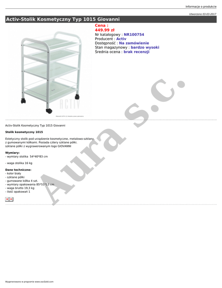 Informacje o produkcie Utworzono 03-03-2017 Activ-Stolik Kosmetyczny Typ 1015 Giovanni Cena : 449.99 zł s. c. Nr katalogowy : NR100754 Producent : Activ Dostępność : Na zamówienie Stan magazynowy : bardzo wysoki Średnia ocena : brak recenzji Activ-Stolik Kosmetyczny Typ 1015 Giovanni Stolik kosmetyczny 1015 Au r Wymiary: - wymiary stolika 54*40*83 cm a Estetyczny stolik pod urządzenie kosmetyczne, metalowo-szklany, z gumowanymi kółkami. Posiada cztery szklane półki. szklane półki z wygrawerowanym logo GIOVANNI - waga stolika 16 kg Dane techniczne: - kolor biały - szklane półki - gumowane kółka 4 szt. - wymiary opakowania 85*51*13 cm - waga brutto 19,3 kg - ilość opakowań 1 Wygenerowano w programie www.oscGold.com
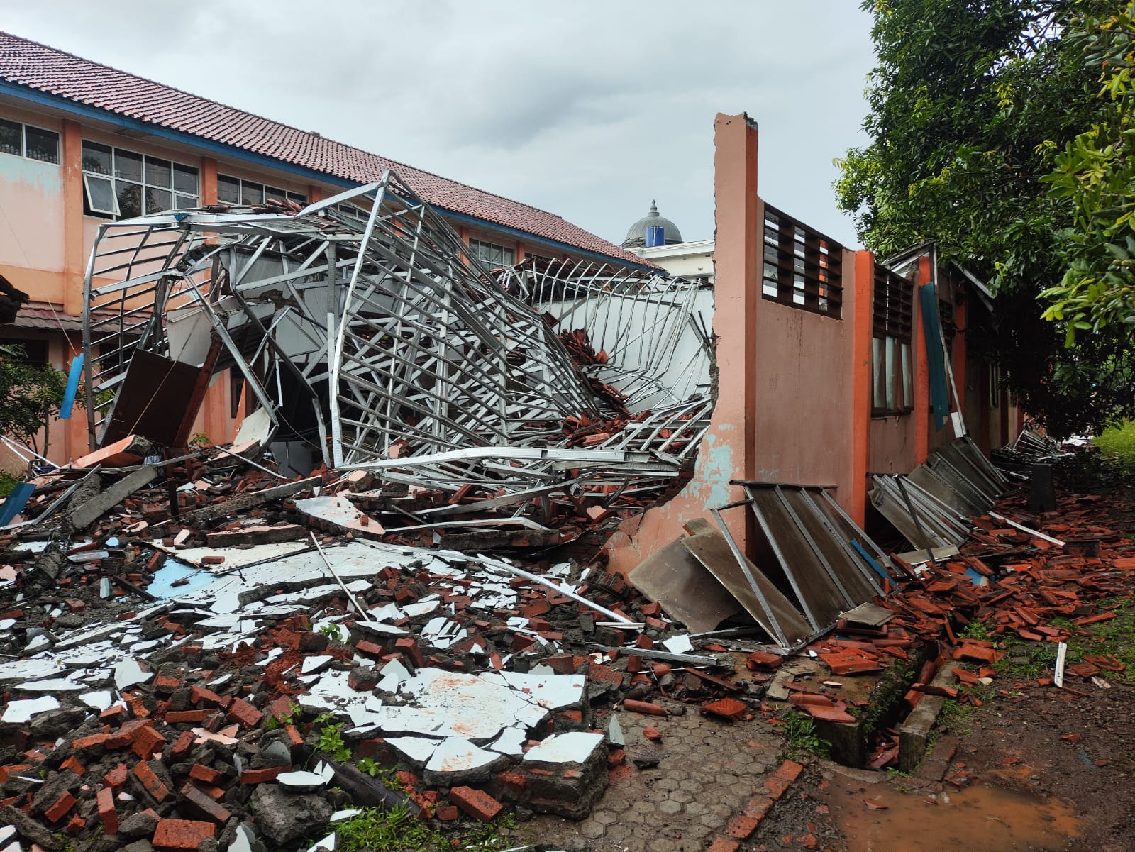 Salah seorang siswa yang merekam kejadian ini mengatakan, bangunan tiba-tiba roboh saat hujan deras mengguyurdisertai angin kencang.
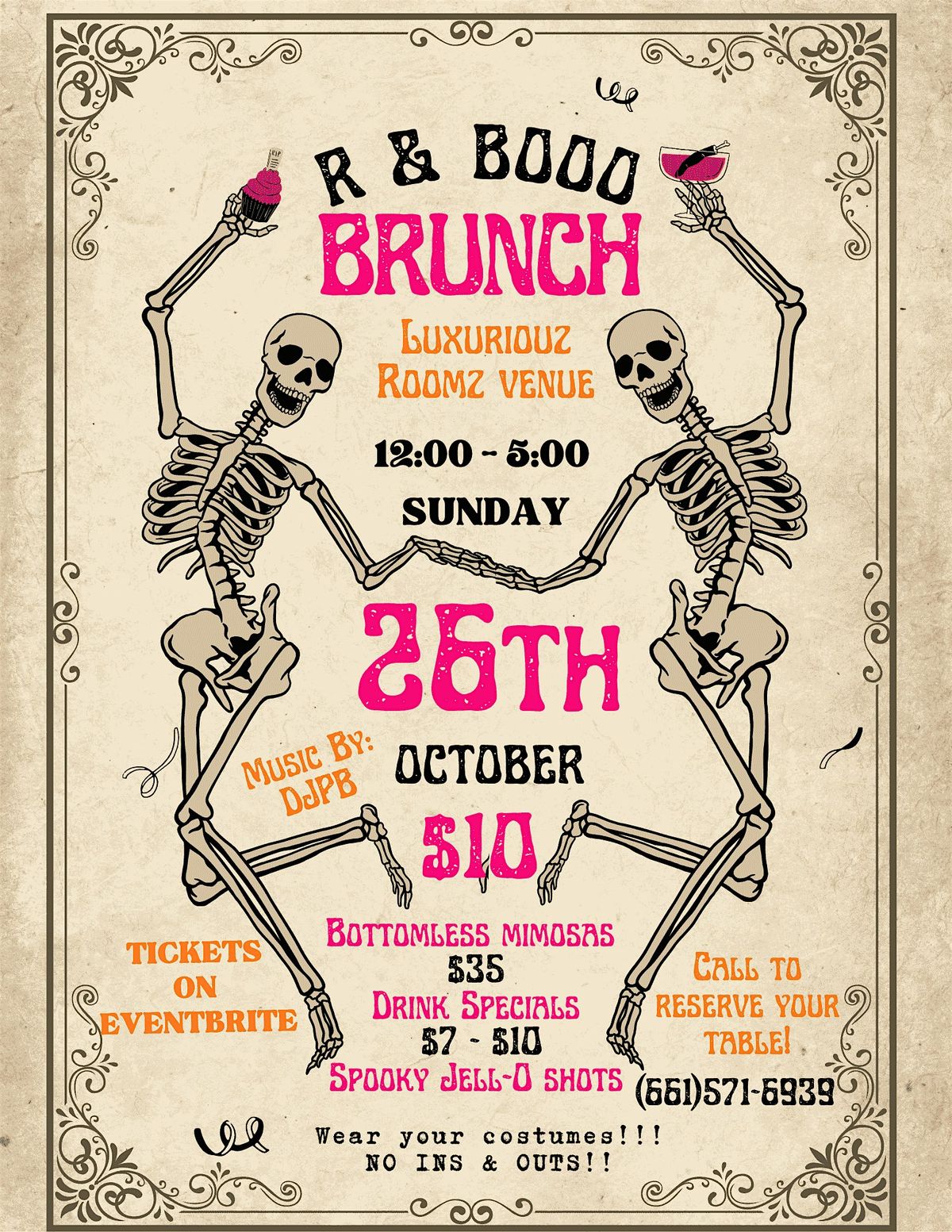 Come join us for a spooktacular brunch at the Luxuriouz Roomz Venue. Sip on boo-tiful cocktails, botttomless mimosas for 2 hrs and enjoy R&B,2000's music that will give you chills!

◆ YOUR GOAL: Write out the data word for word. Any picture is to be skipped.

◆ EXERCISE ANSWER:
 Informacje o produkcie Utworzono 03-03-2017 Activ-Stolik Kosmetyczny Typ 1015 Giovanni Cena : 449.99 zł s. c. Nr katalogowy : NR100754 Producent : Activ Dostępność : Na zamówienie Stan magazynowy : bardzo wysoki Średnia ocena : brak recenzji Activ-Stolik Kosmetyczny Typ 1015 Giovanni Stolik kosmetyczny 1015 Au r Wymiary: - wymiary stolika 54*40*83 cm a Estetyczny stolik pod urządzenie kosmetyczne, metalowo-szklany, z gumowanymi kółkami. Posiada cztery szklane półki. szklane półki z wygrawerowanym logo GIOVANNI - waga stolika 16 kg Dane techniczne: - kolor biały - szklane półki - gumowane kółka 4 szt. - wymiary opakowania 85*51*13 cm - waga brutto 19,3 kg - ilość opakowań 1 Wygenerowano w programie www.oscGold.com
 Salah seorang siswa yang merekam kejadian ini mengatakan, bangunan tiba-tiba roboh saat hujan deras mengguyurdisertai angin kencang.
 Come join us for a spooktacular brunch at the Luxuriouz Roomz Venue. Sip on boo-tiful cocktails, botttomless mimosas for 2 hrs and enjoy R&B,2000's music that will give you chills!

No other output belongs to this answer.